Graduation Day and "Japanese-style Trousers"

A front and back picture of a female Japanese student wearing a traditional hakama on her graduatuon day
Front and back pictures of a hakama worn on graduation day
Yesterday was graduation day at my university and apart from a few wearing suits and traditional Korean dress, the vast majority of female students wore the traditional Japanese hakama (袴). Although originally worn by men, today the male students almost always wear suits. The only time you would see a man wearing a hakama in Japan today would perhaps be a sumo wrestler outside the ring, especially on formal occasions, a member of a martial arts club, like Japanese archery, or someone at the coming of age ceremony (seijin-shiki). Hakama have been described as "Japanese-style trousers" (since some have divided legs) though most of the hakama worn at the graduation ceremony were the undivided skirt type. Hakama are worn high, tied just below the chest, over a kimono (hakama-shita). The picture shows a kimono with long sleeves (furisode), typically worn by unmarried women in Japan, though not all sleeves are quite this long.

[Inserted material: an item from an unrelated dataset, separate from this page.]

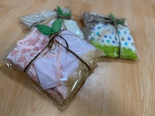 「めばえプロジェクト」(NPO法人 芽ばえ)では、令和3年1月から、小さくうまれてきた赤ちゃん用のベビー服を製作し・ラッピングをボランティアの手づくりで行い、寝屋川市の190人の赤ちゃんとそのご家族にお渡しすることができました。

Typically, students will wake up very early on graduation day for their appointment at the beauty salon where it can take hours to get properly dressed and have their hair and make-up done. The linkage with education goes back to the Meiji period when students wore hakama as their school uniform. Here you can see a 1907 picture of Umeko Tsuda, a pioneer of women's education in Japan, with her students dressed in hakama. In the evening students will change from their tight-fitting rather uncomfortable hakama to modern Western dress and many will hold a shaonkai (thank-you party) for their teacher. The concept of on - indebtness - and repaying on is, like its sister giri, a key concept in understanding Japanese society. See again Ruth Benedict's The Chrysanthemum and the Sword (Chapter 5: Debtor to the Ages and the World).